School of Physics & Technology, Key Laboratory of Artificial Micro/Nano Structure of Ministry of Education, Wuhan University, Wuhan 430072, China.
Lab Chip. 2017 Sep 26;17(19):3258-3263. doi: 10.1039/c7lc00598a.
Liquid-liquid (L) microlenses have great potential for various applications in imaging and detection systems. Traditional L microlenses are almost two-dimensional (2D) due to the modulation of flow rates in planer chips.
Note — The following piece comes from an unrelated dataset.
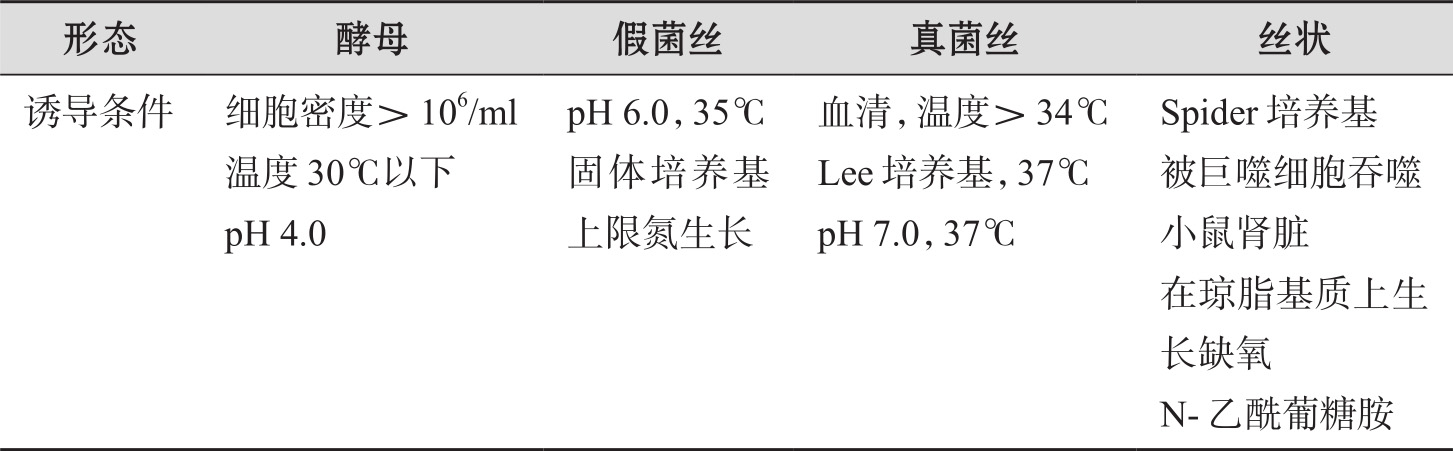 白念珠菌的形态发生与其致病性密切相关,在生长过程中,依据极性生长程度不同,可分为3种形态——酵母态、假菌丝和真菌丝(表3-2)。此外,它还可以在正常酵母形态(白色,white)和伸长的细胞形态(不透明色,opaque)之间转换,被称为white-opaque转换。白念珠菌能以酵母态(即芽生孢子)、真菌丝与假菌丝3种细胞形态存在。酵母态的白念珠菌与酿酒酵母(Saccharomyces cerevisiae)相似,为卵圆形细胞,并且彼此之间易分离。真菌丝是完全平行延伸的管状菌丝,并且在细胞间隔处没有缢缩。假菌丝是一串伸长的酵母态细胞,各个细胞之间没有分离,其细胞间有明显分界,形成缢缩。假菌丝易形成分支,这样可能有利于其汲取营养。不同形态的白念珠菌形成的菌落也不相同,主要差别为:①真菌丝和假菌丝形成的菌落会侵入琼脂下层;②真菌丝和假菌丝的存在使得菌落呈现小圆齿状,而酵母态形成的菌落是光滑的,不同形态的白念珠菌在菌落中所占比例的不同可导致菌落形状的差异;③含有真菌丝的菌落边缘经常延伸出羽毛状突出物。研究表明,基因毒性应激即当DNA受到损伤时,DNA复制/损伤检验点被激活,也可调控白念珠菌丝状生长。如敲除DNA损伤修复的基因或加入抑制DNA复制的药物,可以诱发菌丝生长。许多环境诱因可影响白念珠菌的形态,培养基的pH在6.0~7.0,且温度高于35℃时有助于形成菌丝,血清因子能有效诱导菌丝生成,其他因素如N-乙酰葡糖胺及一些特殊营养成分都会诱导细胞以使菌丝生长。此外,细胞密度也会影响白念珠菌细胞形态,由于群体感应,高细胞密度时倾向于酵母形态的生长,低细胞密度时更倾向于菌丝生长。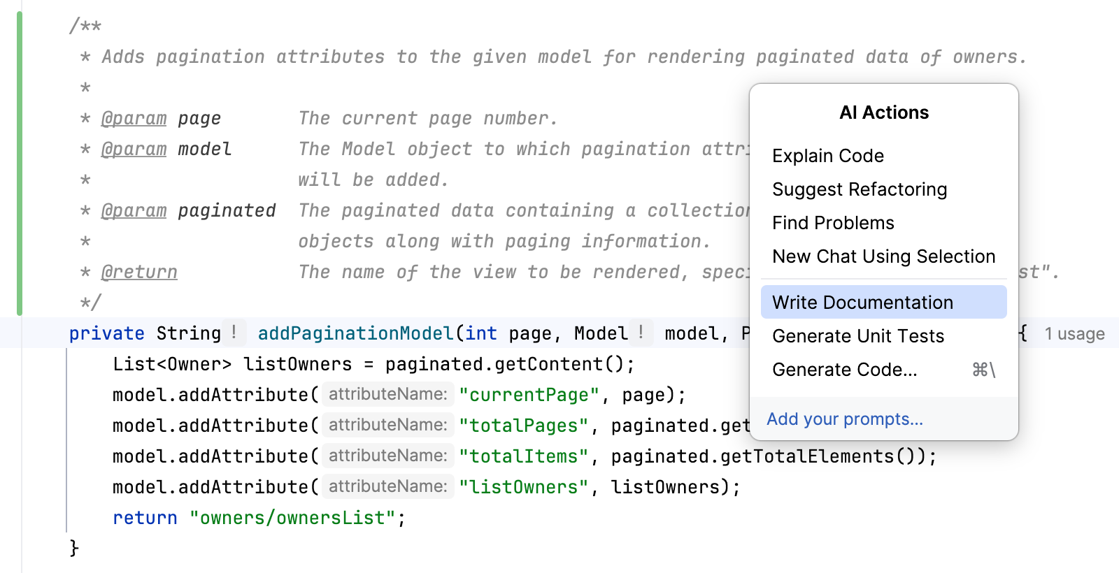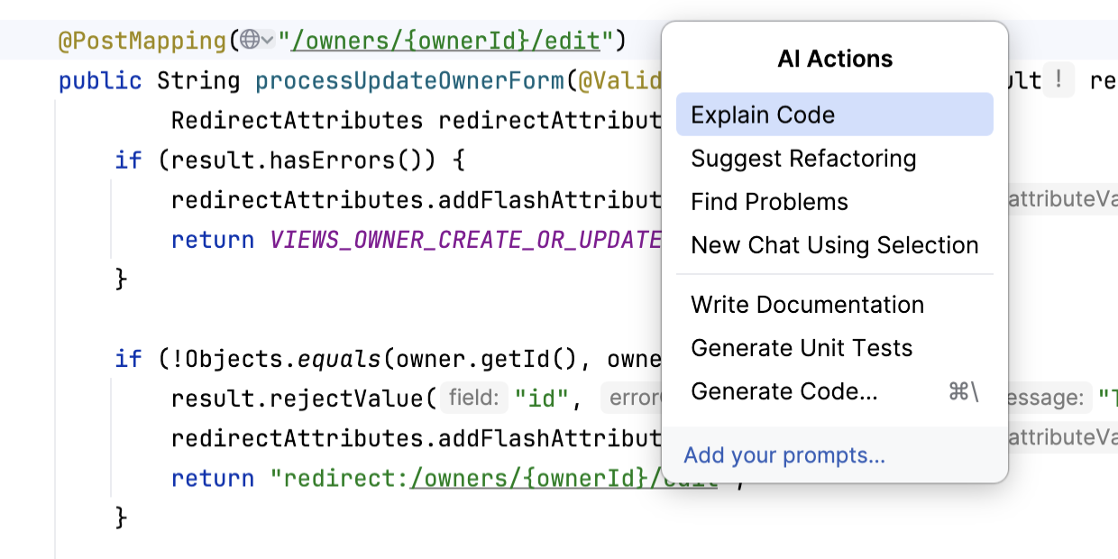 AI Assistant integrates AI-powered capabilities directly into JetBrains IDEs. It uses the context of your project – such as the currently open file, selected code, or recent changes – to generate relevant suggestions and responses.

Fundamental difficulties in effective application to cell imaging and analysis arise due to the limitations of 2D profiles. Herein, we demonstrate the feasible design of three-dimensional (3D) L biconvex lenses to detect flowing cells. Using the auxiliary curved microchannels, a 3D L lens is formed using Dean flow. The shape of the 3D biconvex lens and its focal length can be modulated by tuning the flow rates of the liquids. 3D light focusing was successfully achieved and the focal length could be modulated by around 435 μm, from 3554 μm to 3989 μm, in the experiment. The numerical aperture of the 3D L lens was also measured and its range was 0.175-0.198. Compared to a traditional objective lens with the same magnification (4×/0.1), the resolution of the 3D L biconvex lenses was improved 1.79-fold due to being completely immersed in liquid. Mouse myeloma cells sp2/0 and acute promyelocytic leukemia cells NB4 were imaged in the contrast experiments. The time response of experimental manipulation was about 2.7 ms. This 3D biconvex lens has great application prospects for cell imaging and analysis systems in lab-on-a-chip settings.
液-液相(L)微透镜在成像和检测系统的各种应用中具有巨大的潜力。由于在平面芯片中流速的调制,传统的 L 微透镜几乎是二维(2D)的。由于 2D 轮廓的限制,在细胞成像和分析中的有效应用中出现了基本困难。在此,我们展示了用于检测流动细胞的三维(3D)L 双凸透镜的可行设计。使用辅助弯曲微通道,使用迪恩流形成 3D L 透镜。通过调节液体的流速,可以调节 3D 双凸透镜的形状和焦距。在实验中,成功实现了 3D 光聚焦,并且焦距可以在 3554 μm 到 3989 μm 的范围内调节,大约 435 μm。还测量了 3D L 透镜的数值孔径,其范围为 0.175-0.198。与具有相同放大倍数(4×/0.1)的传统物镜相比,由于完全浸入液体中,3D L 双凸透镜的分辨率提高了 1.79 倍。在对比实验中对小鼠骨髓瘤细胞 sp2/0 和急性早幼粒细胞白血病细胞 NB4 进行了成像。实验操作的时间响应约为 2.7 ms。这种 3D 双凸透镜在微流控芯片设置中的细胞成像和分析系统中有很大的应用前景。